Stubborn Charachters! Need help converting CHR variable to Numeric (in R)

#1
Hi, I am an "R beginner", still getting my bearings.... please help.
I read in a csv as follows:
defense <- read.csv ("defense.csv", header=T, stringsAsFactors=F)
My issue is the dollar "amount" field was assigned "character" type, as follows:
str (defense)
'data.frame': 5024 obs. of 11 variables:
$ amount: chr "$548,277.00 " "$1,063,790.35 " "$2,988.72 "

I wish to change the "amount" field to numeric, so I can run meaningful aggregate functions i.e. the MEAN for the vector. I failed using the "as.numeric" and "type.convert", see following;
as.numeric ("defense$amount")
type.convert(defense$amount, na.strings = "NA", as.is = FALSE, dec = ".")
The str function still tells me that "amount" type is still "chr"
Any ideas? Thank you. Eli
 

Dason

Ambassador to the humans
#2
The problem is that you do have characters in there. "," and "$" aren't numeric and aren't the decimal point so it doesn't know how to deal with those. The easiest way to deal with it is to remove those characters and then convert to numeric.

Code:
> x <- c("$1,000.2", "$3", "2.54")
> x
[1] "$1,000.2" "$3"       "2.54"    
> gsub("[$,]", "", x)
[1] "1000.2" "3"      "2.54"  
> as.numeric(gsub("[$,]", "", x))
[1] 1000.20    3.00    2.54
 
#3
Dason, thank you, the first line of code you recommended gsub... did as you indicated,
[5021] "279383.90 " "529923.40 " "32912.20 " "8008.80 "

However when I tried the as.numeric... I got the following response
[5021] 2.793839e+05 5.299234e+05 3.291220e+04 8.008800e+03
Warning message:
NAs introduced by coercion

And then when I checked the filed with the str command I seem to be back to the where I started with the $ and comma's
> str (defense2$amount)
chr [1:5024] "$548,277.00 " "$1,063,790.35 " "$2,988.72 " ...


Any ideas, much thanks.
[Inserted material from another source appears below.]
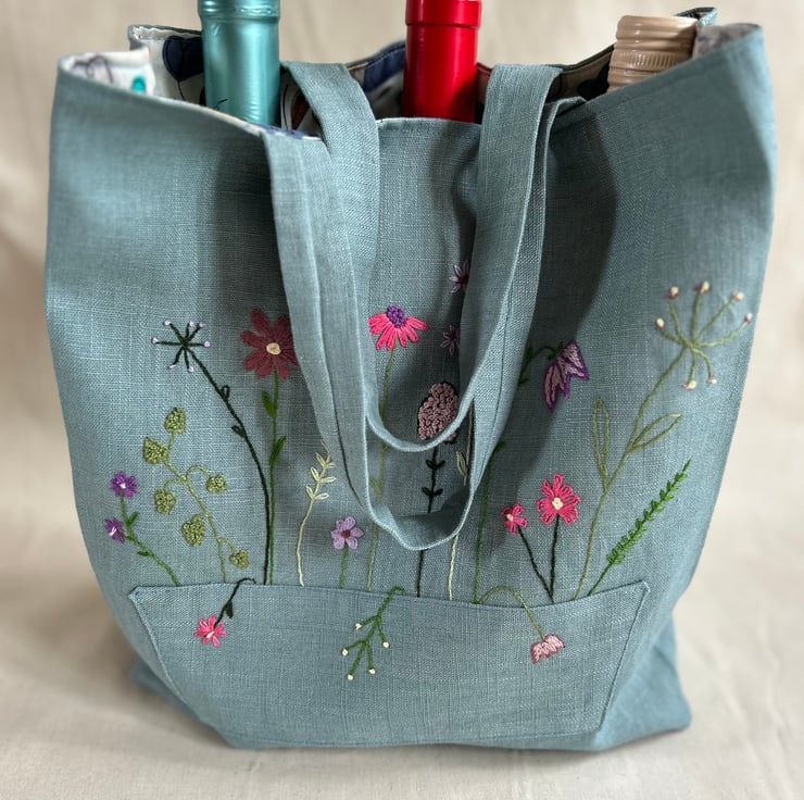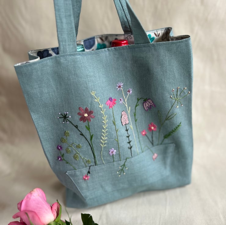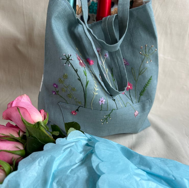 I have made this hand embroidered pale blue linen bag with pinks and greens embroidery threads and created a separately appliquéd basket with trailing flowers.

Eli
 

Dason

Ambassador to the humans
#4
I don't know why you are getting NAs for some values - I would need to see the data for that. But the way it is displayed is perfectly understandable - it uses scientific notation for large numeric values.

I think the second issue is that my code does the conversion but it doesn't write over the previous data. It's the difference between

Code:
> x <- 3 # original data
> x
 [1] 3
> # conversion
> x + 2
 [1] 5
> x # x is unchanged though
 [1] 3
> # write the changes back to the variable
> x <- x + 2
> x
 [1] 5
Hopefully the change you need to make becomes obvious now.